FARKLILIKLARIMIZI AÇIĞA ÇIKARMAYI HEDEFLEDİK

“Dünya zor zamanlardan geçiyor… Herkes elindekilerle idare ediyor, insanların evde kalması için çok fazla sebep var, korkuyorlar, hiçbir şey yapmak istemiyorlar ama biz tam tersini amaçladık. Ne kadar farklı olursak olalım, farklılıklarımıza rağmen tekrar bir araya gelebileceğimizi, beraber eğlenebileceğimizi göstermek istedik.” Ne güzel bir amaç bu. Siz bu satırları okurken amaca ulaşılıp ulaşılmadığına karar vereceksiniz.

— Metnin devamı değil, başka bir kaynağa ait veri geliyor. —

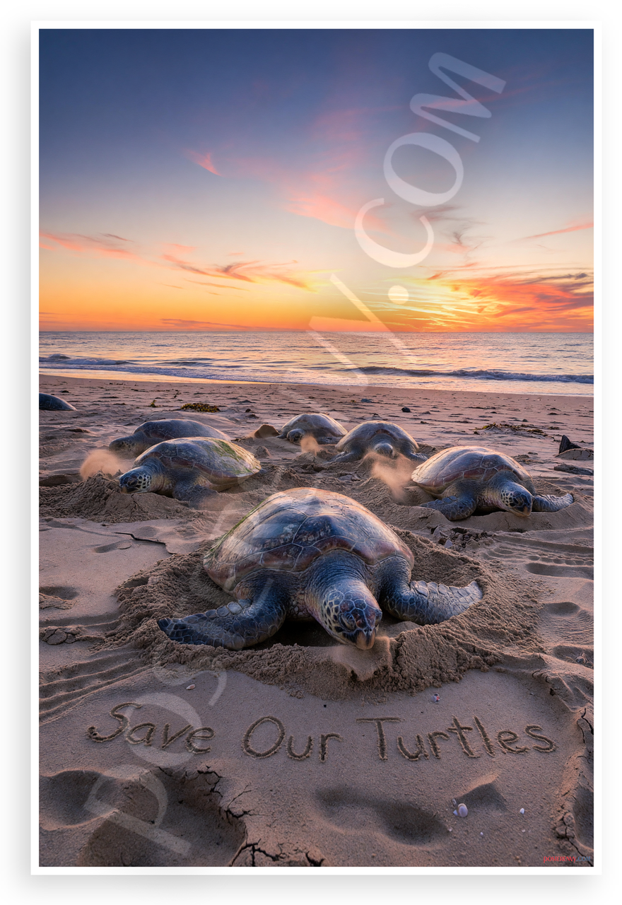 - Beach Nesting Scene: Vibrant dawn sunset over ocean with sea turtles emerging from sand nests, sand-written conservation message, serene optimistic mood for eco-friendly decor in homes or classrooms
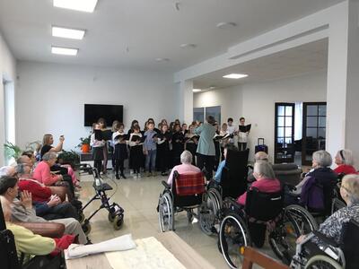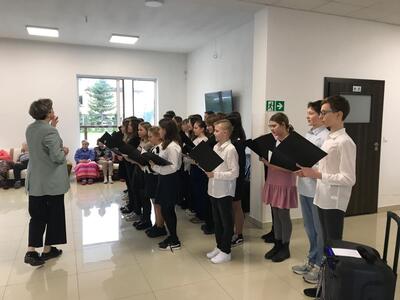 Chór szkolny wybrał się z wizytą do Domu Seniora Magnolia, gdzie umilał mieszkańcom dzień piosenkami, które specjalnie przygotował na tę okazję. Pensjonariusze dołączyli się do śpiewu i nagrodzili dzieci brawami oraz słodkim poczęstunkiem.
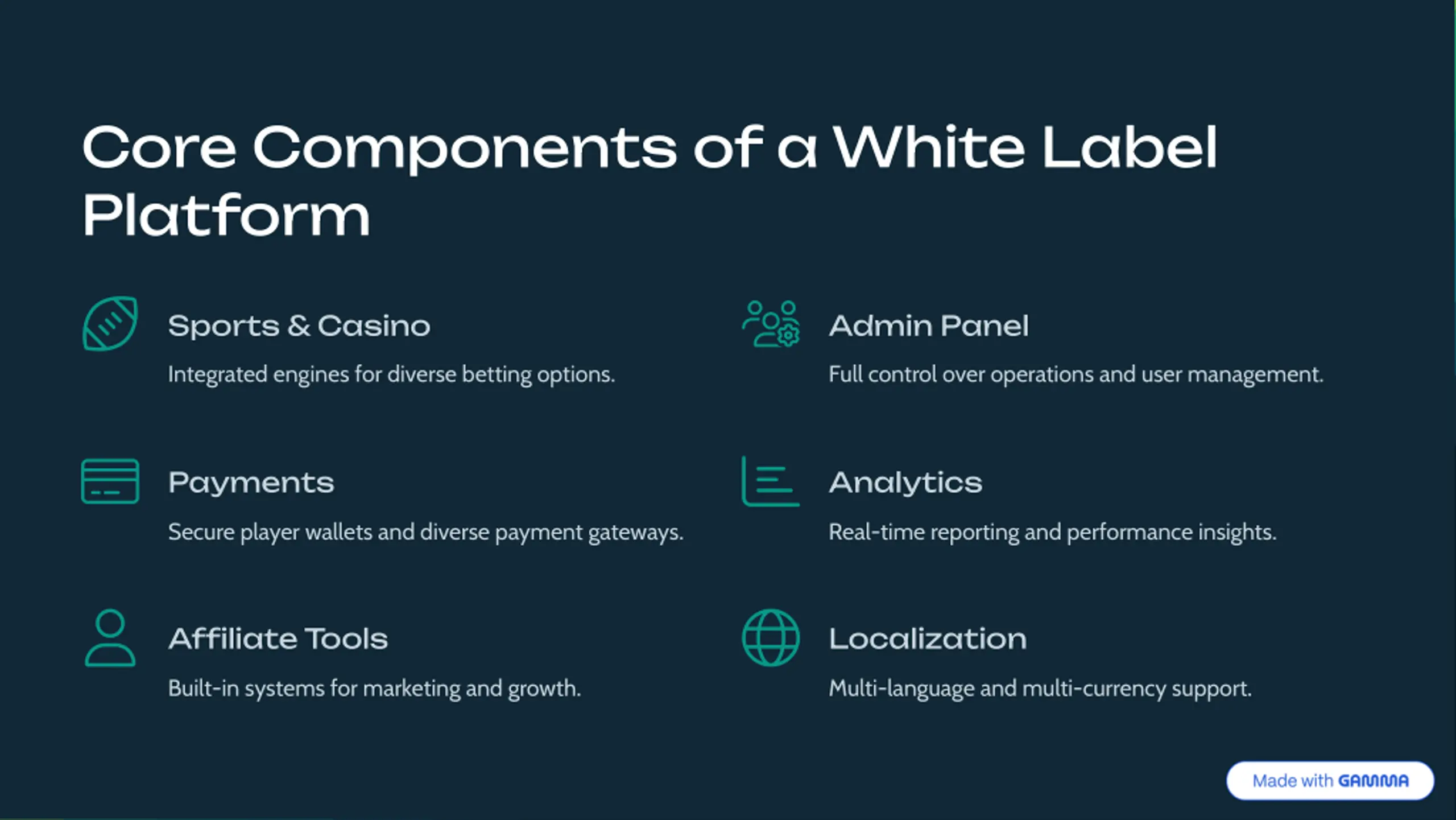 Core Components of a White Label Platform Sports & Casino Admin Panel Integrated engines for diverse betting options. Full control over operations and user management. Payments Analytics Secure player wallets and diverse payment gateways. Real-time reporting and performance insights. Affiliate Tools Localization Built-in systems for marketing and growth. Multi-language and multi-currency support.
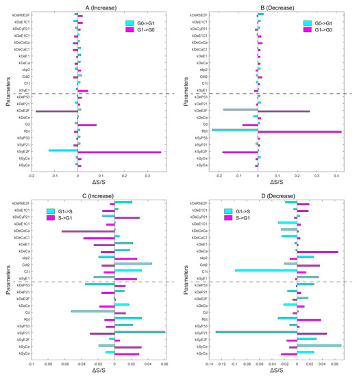 Sensitivity analysis for the 23 parameters on the transition action of G0->G1 (A), G1->G0 (B), G1->S (C), and S->G1 (D). The x axis represents the relative change of transition action in terms of unperturbed system, denoted by S/S. Some sensitive parameters were increased or reduced by 0.5% (below the dotted line), including kSyCe, kSyCa, kSyE2F, kSyP21, kSyP53, Rbt, Cd, kDeCe, kDeE2F, kDeP21, abd kDeP53, while the other parameters were increased or decreased by 5% (above the dotted line). (A,B) the magenta bar represents the G1->G0 transition, and the cyan bar represents the G0->G1 transition. (A) Each parameter was increased for the transition between G0 and G1. (B) Each parameter was decreased for the transition between G0 and G1. (C,D) The magenta bar represents the S->G1 transition, and the cyan bar represents the G1->S transition. (C) Each parameter was increased for the transition between G1 and S. (D) Each parameter was decreased for the transition between G1 and S.
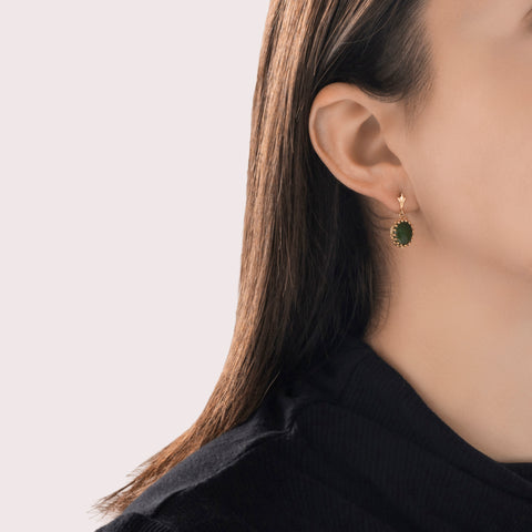 Vintage 14k Yellow Gold 3cttw Jade Pretty Speckled Cabochon Dangle Earrings
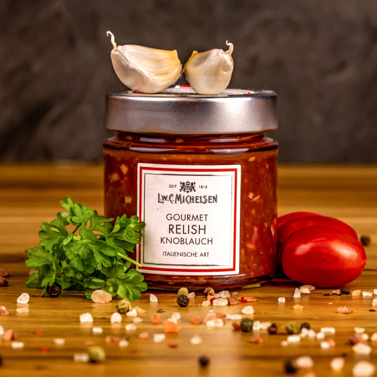 Gurmánské česnekové relish s rajčaty a kořením 215g - Dokonalá pochoutka s česnekem, rajčaty a kořením, která se hodí jako doplněk téměř ke každému jídlu. Originální italský recept vás a vaše chuťové pohárky zaručeně odzbrojí.
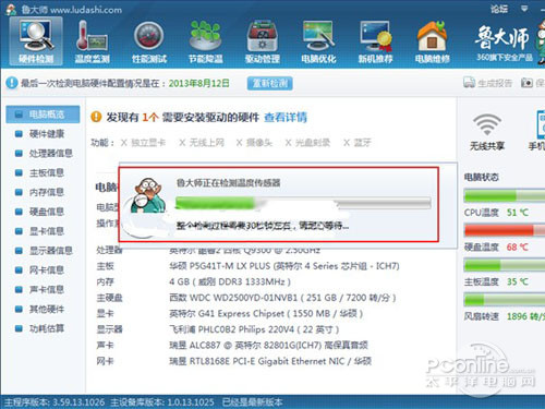 安装完毕后打开软件,鲁大师会自动进行检测★★,查看当前电脑的配置与驱动状况★★。
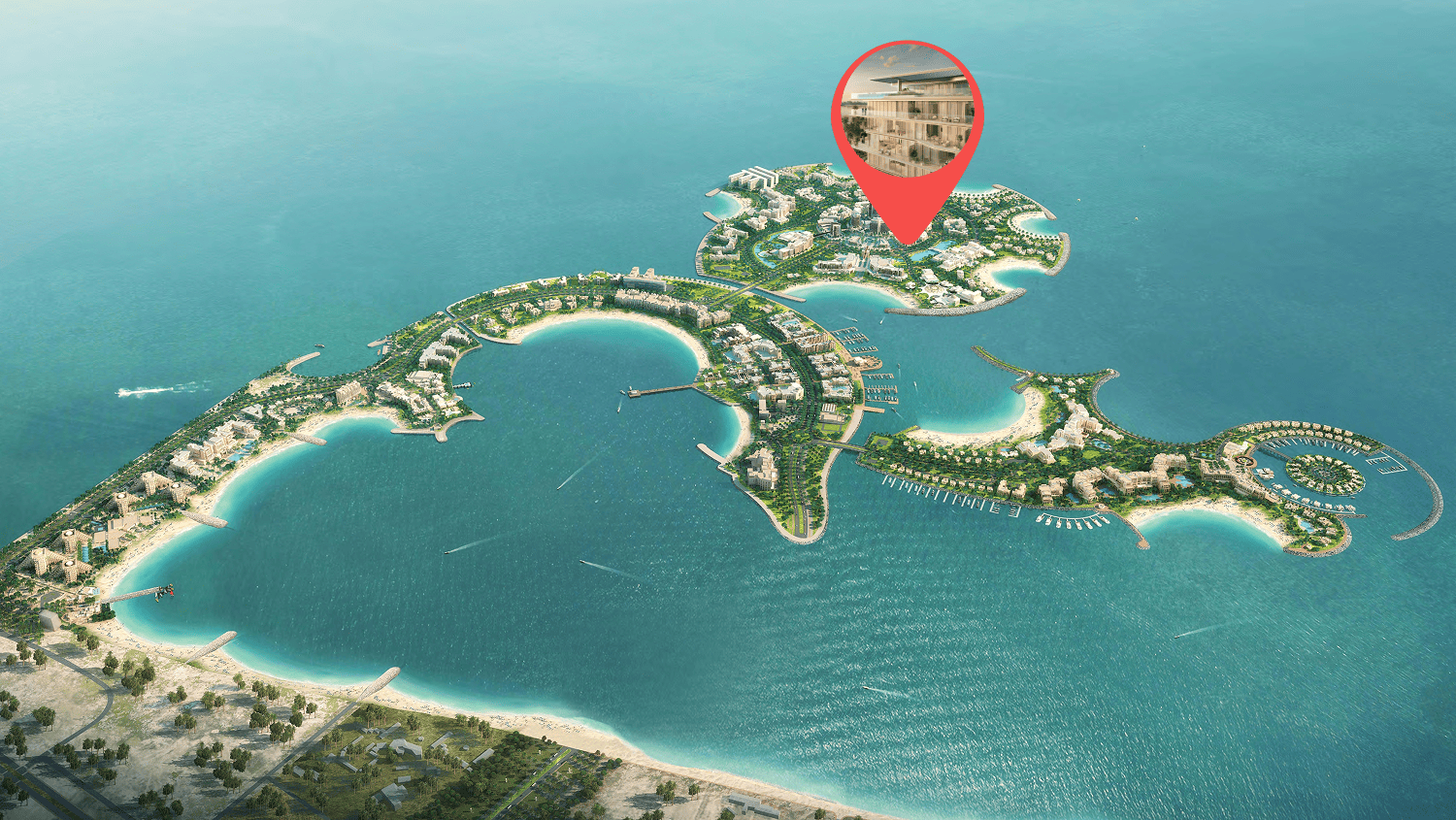 Al Marjan Island is a stunning man-made archipelago located in the emirate of Ras Al Khaimah. It is one of the most prominent tourist destinations in the region, known for its picturesque beaches, luxurious resorts, and upscale residential developments. Al Marjan Island is situated along the Arabian Gulf coastline and offers breathtaking views of the sea. The island is shaped like a coral reef and is made up of four primary coral-shaped islands, connected by a central boulevard.
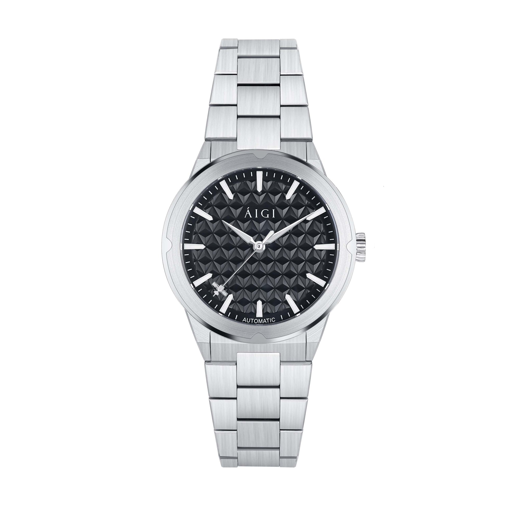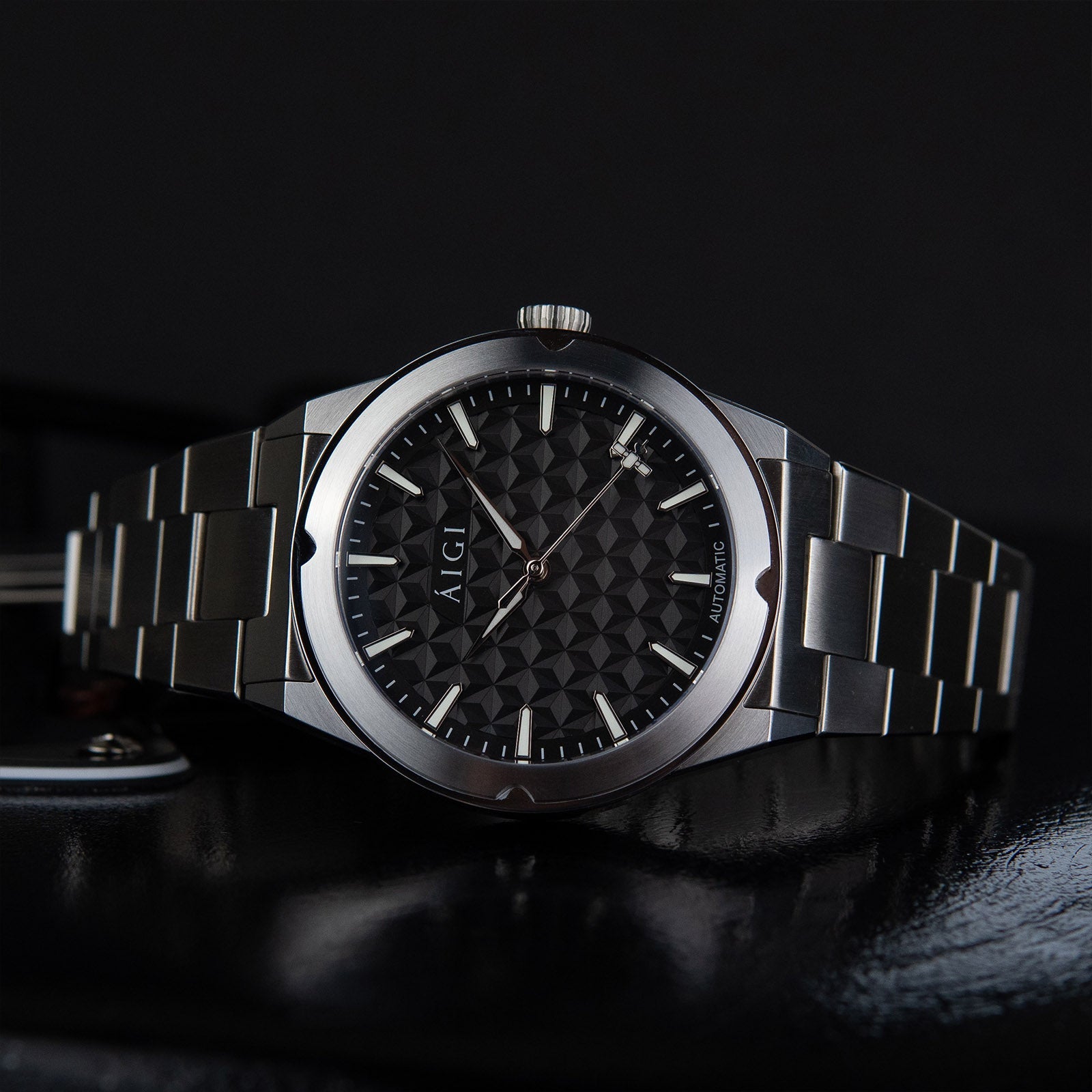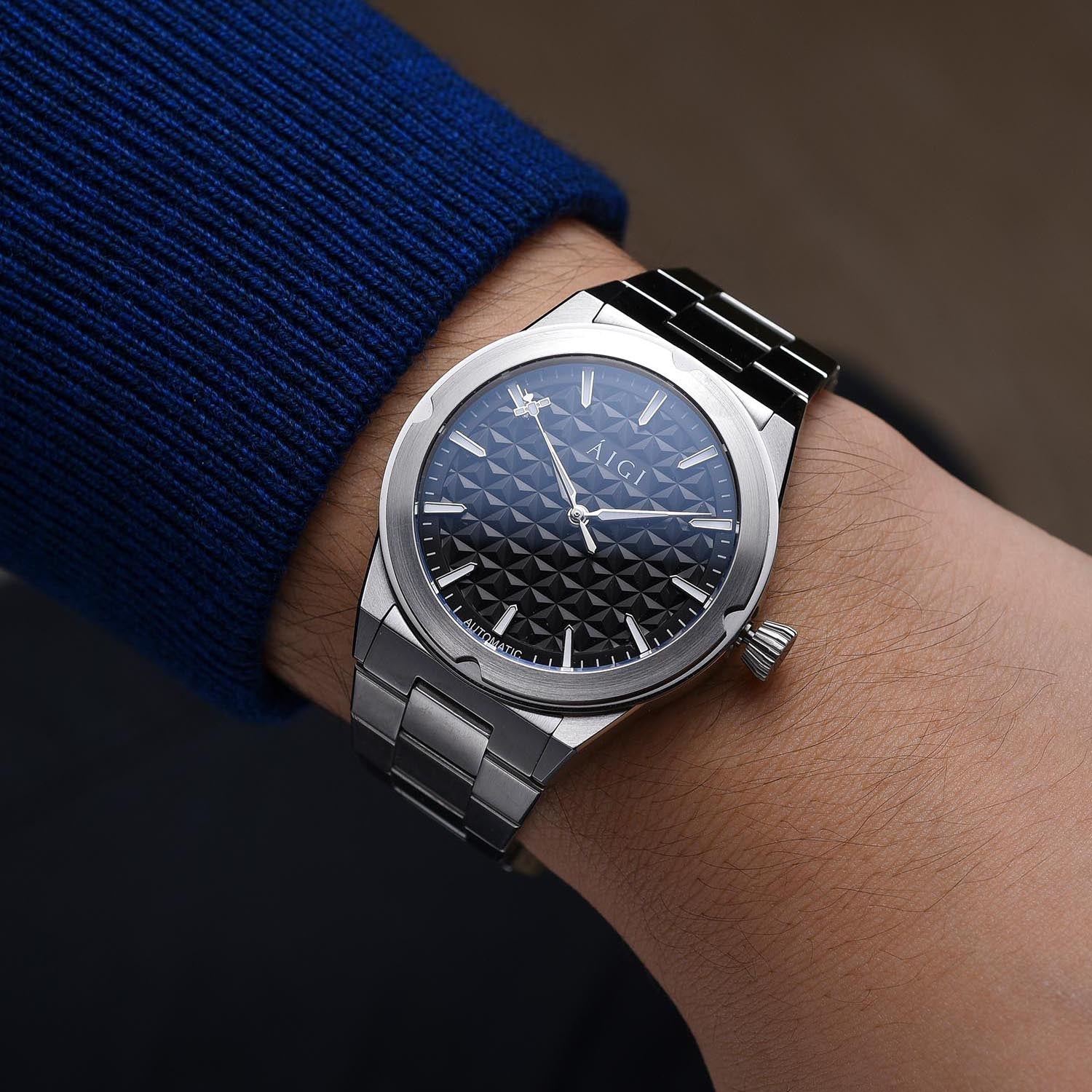 Den slanke urkassen, laget av kjemisk herdet rustfritt stål, gir en eksepsjonell ripebestandighet sammenlignet med normalt 316L rustfritt stål. Urskiven er inspirert av det globale nettverket av satellitt-bakkestasjoner, med et unikt radomemønster som etterligner de beskyttende kapslene rundt satellittantenner. Sekundviseren, som har en satellitt på tuppen, sveiper jevnt over den satellittinspirerte urskiven takket være det automatiske Miyota 9039 urverket med 8 slag i sekundet. Kronen på klokken er formet som en antenne med en intrikat konkav form på innsiden, noe som legger til en ekstra dimensjon av design og teknologisk inspirasjon.

DÜNÜN GARDiYANLARI DEĞiL BUGÜNÜN ANLATICILARIYIZ

Spor ve politika yan yana gelmez diye bir klişe vardır, oysa birbirlerinden hiç uzaklaşmadılar. Özellikle olimpiyat tarihi, dünya siyaset tarihi gibi. Bu tören, Fransızların, tüm klişeleriyle kendilerini ortaya koyacakları, kendileriyle dalga geçecekleri bir tören. “Özellikle başlangıçta peş peşe tüm klişeleri boca ettik ki sonrasında onları aradan çıkarıp, başka bir hikaye anlatabilelim” diyor Boucheron ve ekliyor, “Biz tarihçilerin özellikle gençlere karşı bir sorumluluğu var. Biz onlara nereden geldiğimizi anlatmakla yükümlüyüz. Dünün gardiyanları değil, bugünün anlatıcılarıyız”. Töreni izlediniz mi, beğendiniz mi bilmiyorum. Ama bugün onun hakkında biraz olsun konuştuysanız, sanırım organizasyon komitesi amacına ulaşmış olacak. “Hepimizin aynı fikirde olması, hiçbir konuda mümkün değil. Ama birbirimizin farklı düşüncelerine tolerans göstermek, tartışarak, konuşarak anlaşmaya çalışmak, işte bu mümkün olmalı”. Bence de.